Je pense que l'on peut apprendre en permanence, de tout. Dans ma propre vie, je note parfois des petits riens, des idées toutes simples que j'adapte aux bibliothèques pour offrir un service public de meilleure qualité. Le problème n'est pas d'apprendre du public, du privé, ou d'ailleurs. L'important n'est pas d'être dans l'excellence, mais d'être dans une démarche où l'on cherche à évoluer vers quelque chose de mieux. Cela implique que l'on puisse faire des tests, que l'on a droit à l'erreur et que l'on puisse revenir en arrière.

 

Des professionnels pointent aussi la récupération politique du troisième lieu dans une perspective budgétaire : comment l'expliquer ?

 

Amandine Jacquet : Tout le monde utilise le concept de troisième lieu ! Les premiers faisaient partie du secteur économique : Mc Donald's et son « Venez comme vous êtes », c'est du troisième lieu, Starbucks aussi. Les élus s'en emparent, comme tout un chacun, et je trouve cela plutôt positif. Dominique Lahary le rappelle dans l'introduction du Médiathème Bibliothèques troisième lieu, « le troisième lieu c'est politique ». En effet, les élus sont préoccupés par la société, les habitants, le vivre-ensemble, l'échange de savoirs...

Le fait que les élus s'emparent du concept est un levier pour faire construire des bibliothèques dans des endroits qui en sont dénués, pour débloquer des budgets, moderniser les bibliothèques... Que le concept puisse servir de cache-misère, peut-être, mais ce n'est pas systématiquement le cas.
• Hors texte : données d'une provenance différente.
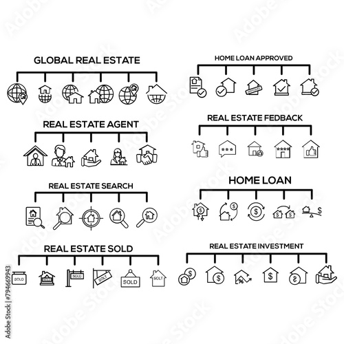 Download and protection template set. Vector thin line art flat style design elements, icons for website banners and printed materials.

Ce serait dommage d'assimiler le troisième lieu et une bibliothèque appauvrie, vidée de son sens ou sans budget. C'est d'ailleurs loin de la réalité, car certaines bibliothèques troisième lieu sont soutenues par d'énormes budgets, même s'il est possible de s'en sortir avec peu de fonds, comme le Médiathème l'évoque d'ailleurs dans le chapitre « La bibliothèque troisième lieu pour les fauchés ».
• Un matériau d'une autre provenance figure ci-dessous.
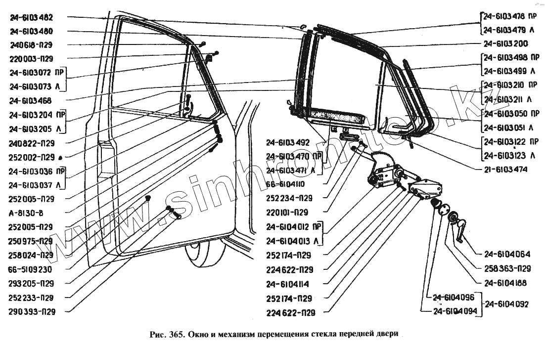 Каталог запасных частей к технике: ГАЗ-24. Окно и механизм перемещения стекла передней двери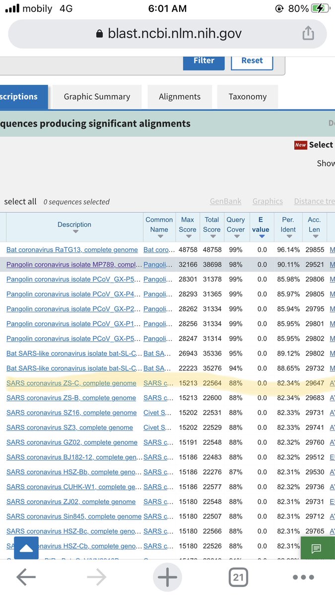 اللي عملته اني استبعدت اي تشابه لتسلسل الجيني لنفس الفايروس في نفس الكائن، يعني كل تسلسل جيني لفايروس كورونا يصيب الانسان بيستبعده، لكن اللي يصيب الخفاش مثلا بيضعه لي وهكذا، الان هذه النتيجة النهائية تظهر لي

Le troisième lieu ne tient pas au fait qu'il y ait moins de livres, mais à l'esprit : de par la collaboration avec les habitants et les usagers, le troisième lieu demande plus de temps et de personnel, mais nécessite peu d'argent (en dehors du salaire des agents). Le troisième lieu n'est pas une question d'argent, c'est une question de projet de société et de relation entre les gens.
 

Le concept de troisième lieu ne doit-il pas être accompagné d'une solide formation du personnel ?

 

Amandine Jacquet : Je pense que c'est plus une question de positionnement. Quand on était bibliothécaire prescripteur et qu'il faut devenir bibliothécaire médiateur, facilitateur, ce n'est pas toujours évident. Cela peut même générer une souffrance conséquente qui peut être source de conflits importants au sein de l'équipe voire de la collectivité.

Une formation permet de clarifier le concept, de lever les idées reçues (et il y en a beaucoup !), de trouver des pistes pour savoir comment s'y prendre, de se rassurer : le sujet est vaste et cela peut paraître angoissant. Je rencontre souvent des bibliothécaires qui sont des M. Jourdain du troisième lieu : après une formation, ils sont surpris de découvrir qu'ils font déjà « du troisième lieu » ! Mais être un bibliothécaire en bibliothèque troisième lieu, c'est une façon de voir notre métier, et cela peut donc nécessiter un accompagnement, plutôt qu'une formation. Cela est notamment le cas lorsqu'un repositionnement du cœur de métier des collections vers les publics est nécessaire.

Il faut aussi comprendre que le troisième lieu est un modèle parmi d'autres, et que personne n'est obligé de l'adopter. C'est bien sûr le modèle à la mode et de nombreux exemples de bibliothèques troisième lieu fonctionnent bien, mais d'autres projets sont évidemment possibles.